People, every day, are confronted by images and products that are packaged. It puts individuals under great stress to feel packaged themselves. I always desire to be able to give the viewers a sense of themselves being packaged, to whatever level they’re looking for, just to instil a sense of self-confidence, self-worth. For The New, I was interested in the concepts of newness and immortality. In this series, I transformed brand new Hoover vacuum cleaners by placing them in lit Plexiglass cases in order to display them as though they were forever new and immortal. There is definitely this sense of being confronted by the object and having to ask yourself if the object will survive and outlive you, whether its integrity is stronger than yours. My work is very involved with the tragedy of unachievable states of being. It has always pursued perfection, which is unachievable; nevertheless, it has continued in its tragic quest.
My family always showed me a lot of love.

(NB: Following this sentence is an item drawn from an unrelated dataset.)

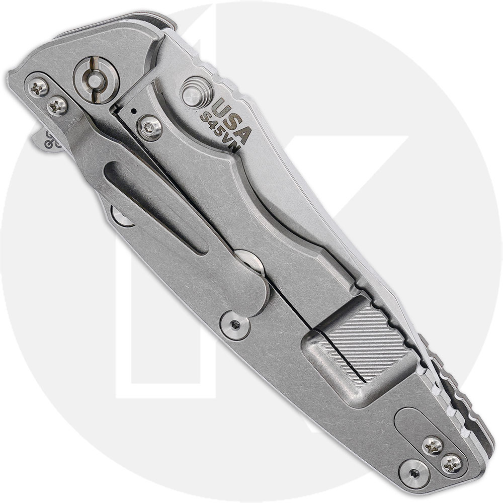 This Hinderer Eklipse Folder, designed by Rick Hinderer and manufactured by Hinderer Knives, features a 3.5-inch slicer blade made of CPM S45VN stainless steel, .165-inch thick, with the Hinderer stonewash finish. The blade has a notched thumb rest for secure purchase, a press fit 1/4-inch diameter ambidextrous thumb stud (that locks up against the frame for superior strength against sideways torque) and a flipper for one hand opening. The ergonomic handle, 4.75-inches closed, has the innovative Tri-Way Pivot System that enables the end user to switch between nylon teflon, phosphorus bronze and ball bearing pivot as needed or preferred. This Eklipse has a non lock side titanium liner with a textured FDE G10 scale for secure grip, a stonewash finish CNC machined 6AL4V titanium back with frame lock and Hinderer Lockbar Stabilizer, open frame construction with large standoffs for strength and ease of cleaning, and an end to end reversible pocket clip. The Hinderer Eklipse 3.5-Inch Folder has an overall open length of 8.25-inches, and it weighs 5.4 ounces. Proudly made in the USA.

And art was always a reward system for me. My father had a furniture store in York, Pennsylvania, and was known as the best decorator there, somebody who was sensitive and had aesthetics. I grew up at a very early age learning that the environment can manipulate your emotions and the way that you feel. I would go into my father’s store, and one week, one room would be a kitchen and the adjoining room would be a living room. I would return the next week and the kitchen had become a den for people to watch television and the other room had become a bedroom. I would feel totally different emotions entering that space. I was being manipulated and I liked it. In that store, I grew up around objects just displaying themselves—a lamp, a little china dish, a chair. I think my involvement with the readymade comes from looking at objects, ashtrays, things in his showroom and just picking up on their voices. From my father’s store I learned a sense of static, a sense of order—that you could control your environment.
In the Equilibrium series, the fish tanks with the basketballs are all about control. They display an ultimate state of being—a kind of philosophical state of equilibrium. This ultimate or desired state is not sustainable though—eventually the ball will sink to the bottom of the tank. The Nike posters, which I have described as ‘Sirens’, represent people who had attained a certain status, a certain idea of achievement, perhaps another state of equilibrium: people who proclaim, ‘I have done it.’ These images lure viewers in, trying to convince them to participate in a specific idea of success. Then, there are the tools for equilibrium—the Aqua-lung, the snorkel, the lifeboat—all made in bronze, capable of weighing one’s aspirations down. Equilibrium is utopia, with all forces being equal. There is a sense of narrative in Equilibrium, a connectivity of things: I am interested in amplifying objects, capturing an intensity, a life energy.
Objects of Desire
When I’m working with objects, I try to reveal a certain aspect of their personality. To give you an example: if you place a shy person in a large crowd, his or her shyness will be revealed and enhanced. I work with objects in a very similar manner. I place them in a context or present them in a material that will enhance a specific personality trait within the objects themselves. I also try to capture the individual’s desire in the object, and to fix that person’s aspirations on the surface, in a condition of immortality. All of this is to say, in the system I was brought up in—the Western, capitalist system—one receives objects as rewards for labour and achievement. Once these objects have been accumulated, they work as support mechanisms for the individual: to define the personality of the self, to fulfil and express desire.
Personally, I don’t seek to make consumer icons, but to decode why and how consumer objects are glorified. My objects reflect desire, they don’t absorb it. For these sculptures, I thought stainless steel would be a wonderful material. I could polish it, and I could create a fake luxury. I never wanted real luxury, instead I wanted proletarian luxury, something visually intoxicating and disorienting. The surface of stainless steel is very much a false front for an underlying degradation.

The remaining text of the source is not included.